**What this task involves**: Your copy of the lines below must match them exactly and contain no images.

**Records contained in a dataset**:
══════════════════════════════
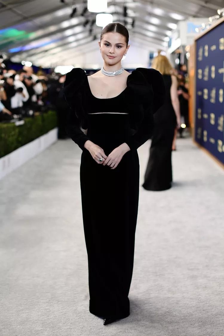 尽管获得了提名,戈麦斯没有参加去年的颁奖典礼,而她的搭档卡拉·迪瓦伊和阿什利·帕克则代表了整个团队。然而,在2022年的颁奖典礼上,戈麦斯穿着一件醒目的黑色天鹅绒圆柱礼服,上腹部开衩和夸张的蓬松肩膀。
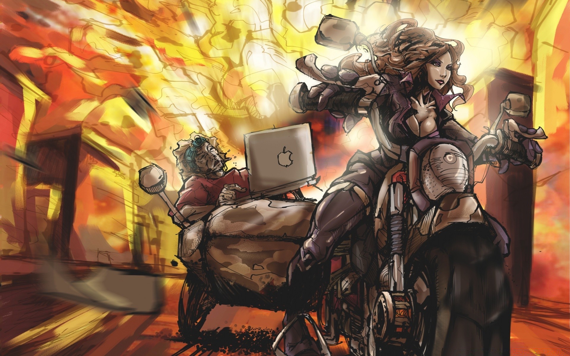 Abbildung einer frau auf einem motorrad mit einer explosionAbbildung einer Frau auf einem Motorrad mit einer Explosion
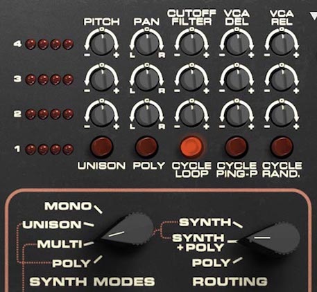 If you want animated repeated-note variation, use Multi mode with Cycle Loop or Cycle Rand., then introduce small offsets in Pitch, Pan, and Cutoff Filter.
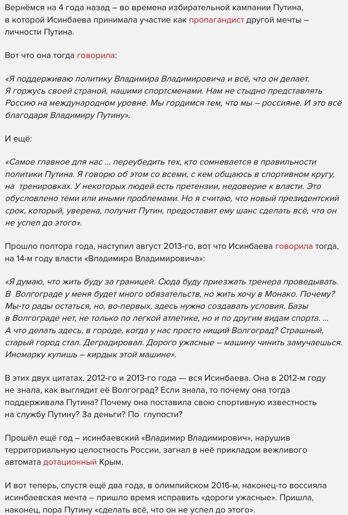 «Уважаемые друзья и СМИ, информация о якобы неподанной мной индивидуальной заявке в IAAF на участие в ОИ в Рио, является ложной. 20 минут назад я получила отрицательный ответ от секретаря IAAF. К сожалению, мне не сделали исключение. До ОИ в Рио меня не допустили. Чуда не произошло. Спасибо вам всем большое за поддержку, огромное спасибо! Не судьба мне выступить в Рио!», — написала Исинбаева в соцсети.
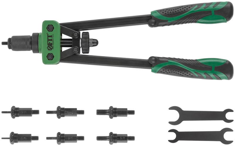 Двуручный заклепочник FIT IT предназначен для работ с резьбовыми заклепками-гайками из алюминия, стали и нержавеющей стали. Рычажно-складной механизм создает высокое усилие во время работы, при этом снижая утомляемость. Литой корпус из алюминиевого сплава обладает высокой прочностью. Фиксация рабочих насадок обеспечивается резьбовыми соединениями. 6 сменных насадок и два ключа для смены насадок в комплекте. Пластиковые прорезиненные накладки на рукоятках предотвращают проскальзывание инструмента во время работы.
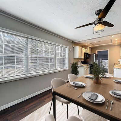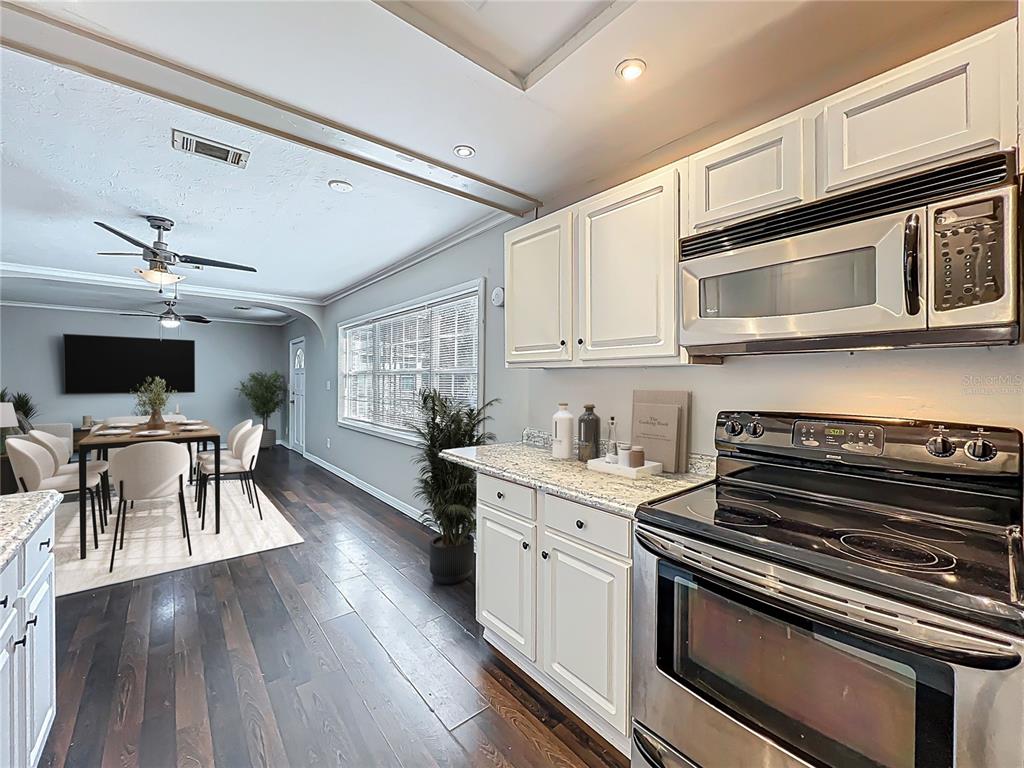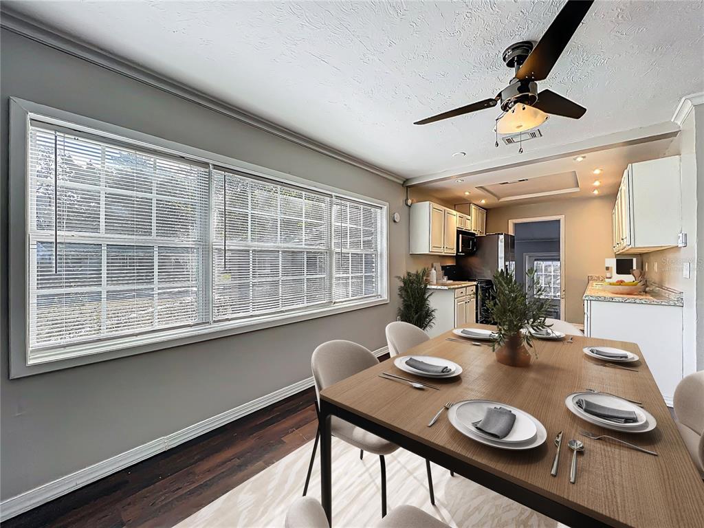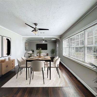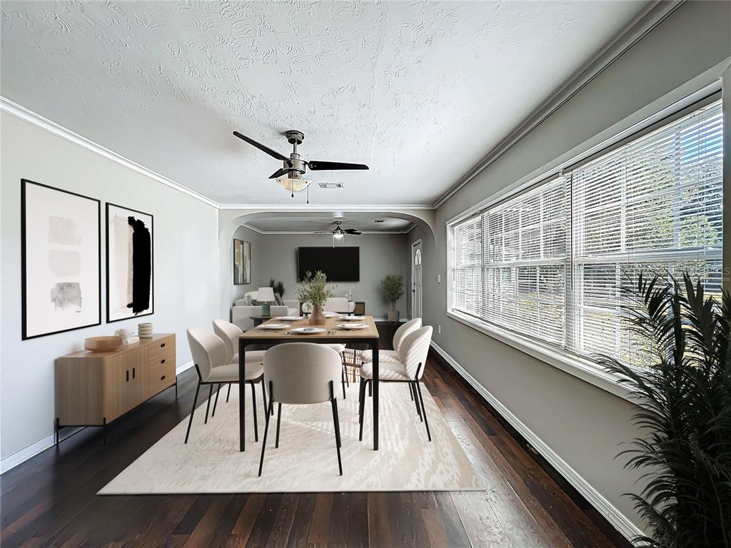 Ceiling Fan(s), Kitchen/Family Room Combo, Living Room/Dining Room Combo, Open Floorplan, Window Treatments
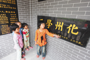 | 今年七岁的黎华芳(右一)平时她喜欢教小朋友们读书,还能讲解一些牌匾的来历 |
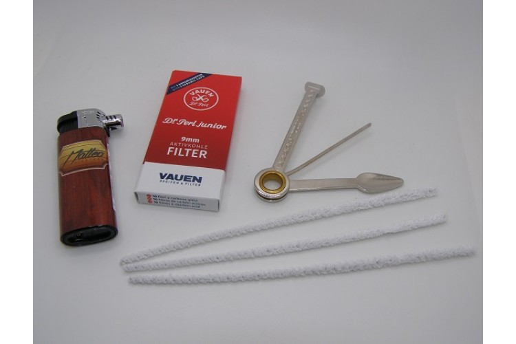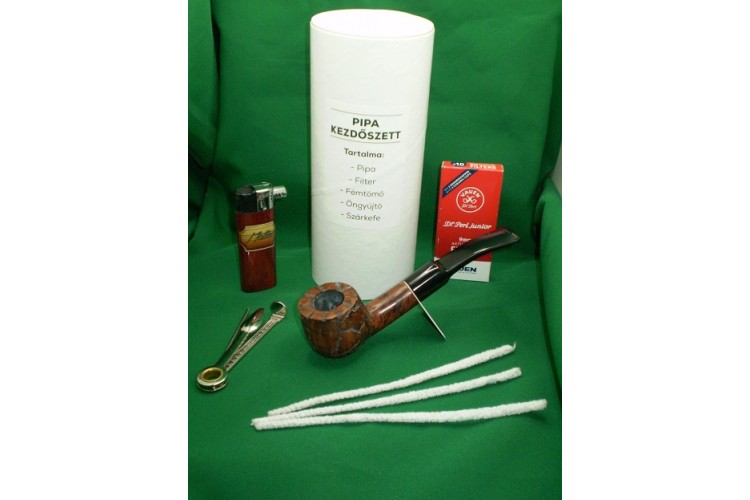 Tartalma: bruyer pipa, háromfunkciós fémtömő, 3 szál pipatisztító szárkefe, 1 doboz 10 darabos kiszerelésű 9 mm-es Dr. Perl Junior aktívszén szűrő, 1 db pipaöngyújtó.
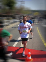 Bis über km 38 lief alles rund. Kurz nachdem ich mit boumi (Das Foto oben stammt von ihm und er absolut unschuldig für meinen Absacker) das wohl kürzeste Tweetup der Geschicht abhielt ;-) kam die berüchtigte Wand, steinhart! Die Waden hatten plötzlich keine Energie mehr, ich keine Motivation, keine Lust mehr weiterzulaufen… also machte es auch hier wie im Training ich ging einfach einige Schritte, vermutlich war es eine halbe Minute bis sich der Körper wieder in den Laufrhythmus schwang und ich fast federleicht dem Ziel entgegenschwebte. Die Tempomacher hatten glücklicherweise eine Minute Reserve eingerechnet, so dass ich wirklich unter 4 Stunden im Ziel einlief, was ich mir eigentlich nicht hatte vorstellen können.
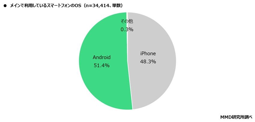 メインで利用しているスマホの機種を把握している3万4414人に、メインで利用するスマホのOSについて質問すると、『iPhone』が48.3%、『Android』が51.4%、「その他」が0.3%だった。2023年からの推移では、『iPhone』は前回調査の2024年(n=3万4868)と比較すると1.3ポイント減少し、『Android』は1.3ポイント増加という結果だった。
══════════════════════════════
**Finished exercise**:
 尽管获得了提名,戈麦斯没有参加去年的颁奖典礼,而她的搭档卡拉·迪瓦伊和阿什利·帕克则代表了整个团队。然而,在2022年的颁奖典礼上,戈麦斯穿着一件醒目的黑色天鹅绒圆柱礼服,上腹部开衩和夸张的蓬松肩膀。
 Abbildung einer frau auf einem motorrad mit einer explosionAbbildung einer Frau auf einem Motorrad mit einer Explosion
 If you want animated repeated-note variation, use Multi mode with Cycle Loop or Cycle Rand., then introduce small offsets in Pitch, Pan, and Cutoff Filter.
 «Уважаемые друзья и СМИ, информация о якобы неподанной мной индивидуальной заявке в IAAF на участие в ОИ в Рио, является ложной. 20 минут назад я получила отрицательный ответ от секретаря IAAF. К сожалению, мне не сделали исключение. До ОИ в Рио меня не допустили. Чуда не произошло. Спасибо вам всем большое за поддержку, огромное спасибо! Не судьба мне выступить в Рио!», — написала Исинбаева в соцсети.
 Двуручный заклепочник FIT IT предназначен для работ с резьбовыми заклепками-гайками из алюминия, стали и нержавеющей стали. Рычажно-складной механизм создает высокое усилие во время работы, при этом снижая утомляемость. Литой корпус из алюминиевого сплава обладает высокой прочностью. Фиксация рабочих насадок обеспечивается резьбовыми соединениями. 6 сменных насадок и два ключа для смены насадок в комплекте. Пластиковые прорезиненные накладки на рукоятках предотвращают проскальзывание инструмента во время работы.
 Ceiling Fan(s), Kitchen/Family Room Combo, Living Room/Dining Room Combo, Open Floorplan, Window Treatments
 | 今年七岁的黎华芳(右一)平时她喜欢教小朋友们读书,还能讲解一些牌匾的来历 |
 Tartalma: bruyer pipa, háromfunkciós fémtömő, 3 szál pipatisztító szárkefe, 1 doboz 10 darabos kiszerelésű 9 mm-es Dr. Perl Junior aktívszén szűrő, 1 db pipaöngyújtó.
 Bis über km 38 lief alles rund. Kurz nachdem ich mit boumi (Das Foto oben stammt von ihm und er absolut unschuldig für meinen Absacker) das wohl kürzeste Tweetup der Geschicht abhielt ;-) kam die berüchtigte Wand, steinhart! Die Waden hatten plötzlich keine Energie mehr, ich keine Motivation, keine Lust mehr weiterzulaufen… also machte es auch hier wie im Training ich ging einfach einige Schritte, vermutlich war es eine halbe Minute bis sich der Körper wieder in den Laufrhythmus schwang und ich fast federleicht dem Ziel entgegenschwebte. Die Tempomacher hatten glücklicherweise eine Minute Reserve eingerechnet, so dass ich wirklich unter 4 Stunden im Ziel einlief, was ich mir eigentlich nicht hatte vorstellen können.
 メインで利用しているスマホの機種を把握している3万4414人に、メインで利用するスマホのOSについて質問すると、『iPhone』が48.3%、『Android』が51.4%、「その他」が0.3%だった。2023年からの推移では、『iPhone』は前回調査の2024年(n=3万4868)と比較すると1.3ポイント減少し、『Android』は1.3ポイント増加という結果だった。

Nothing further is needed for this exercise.